The key risks are: 1) Competitive & Pipeline Risk: Intense competition in immunology (e.g., from AbbVie's Skyrizi) and potential underwhelming launches of new drugs like Icotyde. 2) Regulatory & Pricing Risk: Uncertainty around U.S. drug pricing policies and potential tariffs, which could impact sector margins and sentiment. 3) Valuation Risk: Trading near its 52-week high after a 60% run, the stock is susceptible to a pullback or multiple compression if growth decelerates. 4) Execution Risk: Successfully integrating the post-Kenvue pure-play healthcare strategy and delivering consistent growth from the Innovative Medicine segment.

The 12-month forecast presents three scenarios. The Base Case (60% probability) sees the stock trading between $235 and $251.71, as steady execution meets expectations. The Bull Case (25% probability) targets $251.71 to $275, driven by blockbuster new drug launches and multiple expansion. The Bear Case (15% probability) sees a drop to $210-$235 on pipeline disappointments and competitive pressures. The most likely outcome is the Base Case, assuming JNJ maintains its current high-single-digit growth trajectory and stable margins. The average analyst EPS estimate for the forward period is $16.86.

JNJ is fairly valued relative to its own history and defensive profile. The trailing P/E of 18.81x sits below its recent multi-year highs (e.g., 24.63x), suggesting the significant price appreciation has been supported by earnings growth. The PEG ratio of 0.21 suggests potential undervaluation, but this can be misleading post-spin-off. Compared to the broader market, the stock is not cheap, but it is paying a fair price for its stability, strong cash flow ($19.7B FCF), and 2.46% dividend yield. The valuation implies the market expects steady, high-single-digit growth and no major operational missteps.

JNJ is a good buy for investors seeking a low-volatility, dividend-paying defensive stock for the long term. However, after a 60% one-year rally, the near-term upside appears limited to approximately 5.5% to its 52-week high. The valuation at a forward P/E of 18.96x is fair but not a bargain. The biggest downside risk is competitive pressure eroding growth, potentially leading to a pullback towards $235 or lower. It is a good buy on weakness for patient investors, but less attractive for those seeking high short-term returns.
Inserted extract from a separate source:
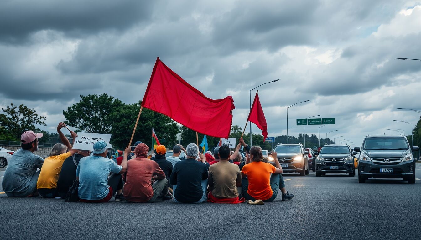 La presenza di striscioni e megafoni ha reso il messaggio particolarmente visibile ai passanti e agli automobilisti, contribuendo ad amplificare l’impatto mediatico dell’iniziativa. Le fermate dei mezzi pubblici adiacenti sono state congestionate, con ritardi ripetuti sulle linee locali e navette di collegamento.

JNJ is overwhelmingly suitable for long-term investment. Its low beta (0.329), reliable dividend (2.46% yield), and strong market positions make it an ideal core holding for building wealth over years. The stock is not well-suited for short-term trading due to its lower volatility and the fact that near-term catalysts (earnings, drug launches) are already closely watched by the market. Given its defensive characteristics and income component, a minimum holding period of 3-5 years is recommended to fully benefit from dividend compounding and navigate any interim volatility.